朱玉豈會給秦天歌扯皮的機會。
直接將其五花大綁壓入了龍輦。
而十八名新娘子緊隨其後,坐在了各府的花轎中。
皇帝出巡,鑼鼓喧天。
軍士們手拿青銅號角,仰天吹響,直衝天際!
無數百姓們紛紛跪地參拜,不敢直視龍輦中的那個男人!
不多時,秦天歌被鬆了綁,他眼珠子一轉故意道:“陛下,臣弟緊張……想如廁……”
朱玉眼珠子都要快瞪出來了:“你是秦國府的世子!寡人的義弟!你怕什麽?”
“臣這不是第一次成親嗎?難道……難道陛下,第一次成親的時候不緊張嗎?”
朱玉回想起自己曾經成親的時候,正想點頭,隨即忙道:“那快點!寡人等著你!”
下了龍輦,秦天歌望了兩側的文武百官一眼,笑了笑:“我……我馬上就回來。
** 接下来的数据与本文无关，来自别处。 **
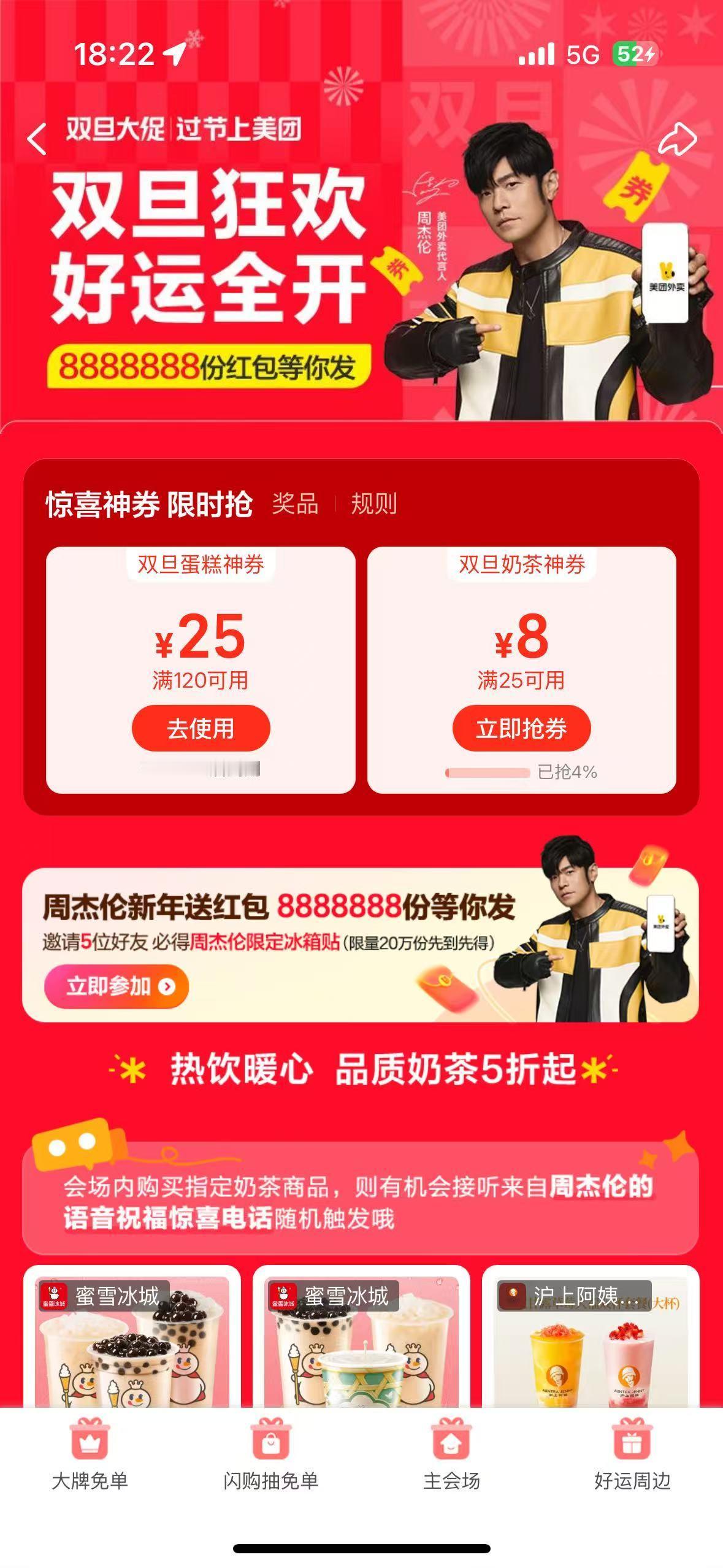 原来新年第一天有这么多讲究开年就得讨彩头!美团外卖双旦福利加码,奶茶半价喝、大餐极速送,专人直送权益限量抢~ 上APP搜“双旦狂欢”享VIP待遇,“杰伦送红包”邀好友助力,定制周边+88元红包让新年好运翻倍!

”
百官們一愣,然後摸了摸下巴,憋著笑。
可等了許久,秦天歌依舊沒回來。
“不好了!不好了!秦世子不見了!”
此話一出,眾人皆驚。
朱玉跳下龍輦破口大罵:“你們想死嗎?給朕挖地三尺也要把吾弟找回來!”
很快秦天歌就被軍士抱上了龍輦,朱玉咬著牙花子:“再有下次,朕就把你烹了!”
秦天歌縮了縮腦袋:“臣隻是被群臣盯得如廁有些不太習慣,所以才跑遠了些。”
朱玉哈哈大笑,掀開龍輦的簾帳道:“愛卿們,剛才吾弟說他下輦去如廁了,吾弟說他緊張。”
哈哈哈——!
所有人都笑了起來。
秦天歌臉上一紅,他就是要這個效果,要讓這個變態皇帝放下所有的戒心。
韓信承受**之辱,越王勾踐數十載,自己隻是下龍輦尿尿有什麽大不了的!
突然變態朱玉,望著秦天歌的下半身靈機一動道:“義弟還有尿沒?”
“臣……臣沒了……”秦天歌被盯著發毛道:“真的……沒了……”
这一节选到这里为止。